I therefore attempted to register a screenshot of the map to a base feature projected using the "GDA 1994 Geoscience Australia Lambert" coordinate system (WKID 3112, EPSG). This is a Lambert Conformal Conic projection with central meridian at 134.0 degrees, standard parallels at -18 and -36 degrees, and meters for the units of measurement. The registration (an affine transformation) has a root mean square accuracy of 3 kilometers. How good is this? Some considerations are:

  • The map appears to be a scan of a paper copy. This will introduce some relatively large distortions that cannot be corrected.

  • It is an older map (1974) and therefore might not have been very accurate originally.

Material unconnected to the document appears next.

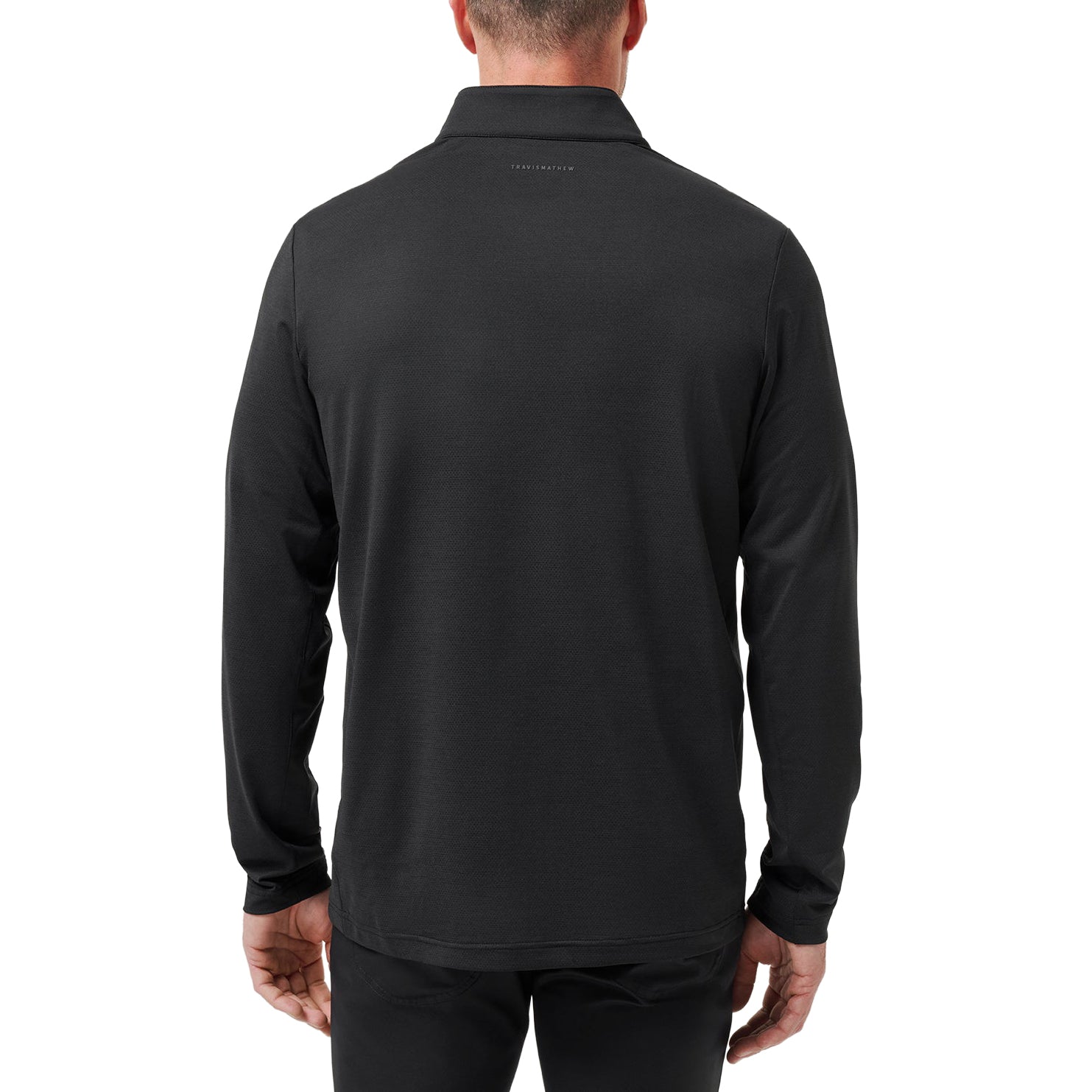 Signature Branding: TravisMathew circle icon on the front chest

  • My screen shot has a resolution of only 35 pixels per degree (because it had to include the entire map). The graticule is still several pixels thick at this resolution and therefore we should be lucky if it is accurate to better than about 1/35 degree vertically = 3 kilometers.

  • Registration with a second-degree polynomial does not significantly decrease the root mean square residual (it decreases from 2720 meters to 2010 meters but requires an additional three parameters for the quadratic terms). This indicates the projection is either correct or close to correct (up to a simple change of origin as captured by a "false easting" and "false northing" value, or possibly a fixed rotation as reflected by the central meridian): using the wrong projection would cause the second-degree fit to be a significant improvement over the original affine fit.

I conclude provisionally that the original image likely can be registered to the EPSG 3112 coordinate system to within an acceptable error, given the qualities of the original map (and given that the essential features on it are only roughly drawn anyway: their boundaries are four pixels thick, or about 10 - 15 kilometers).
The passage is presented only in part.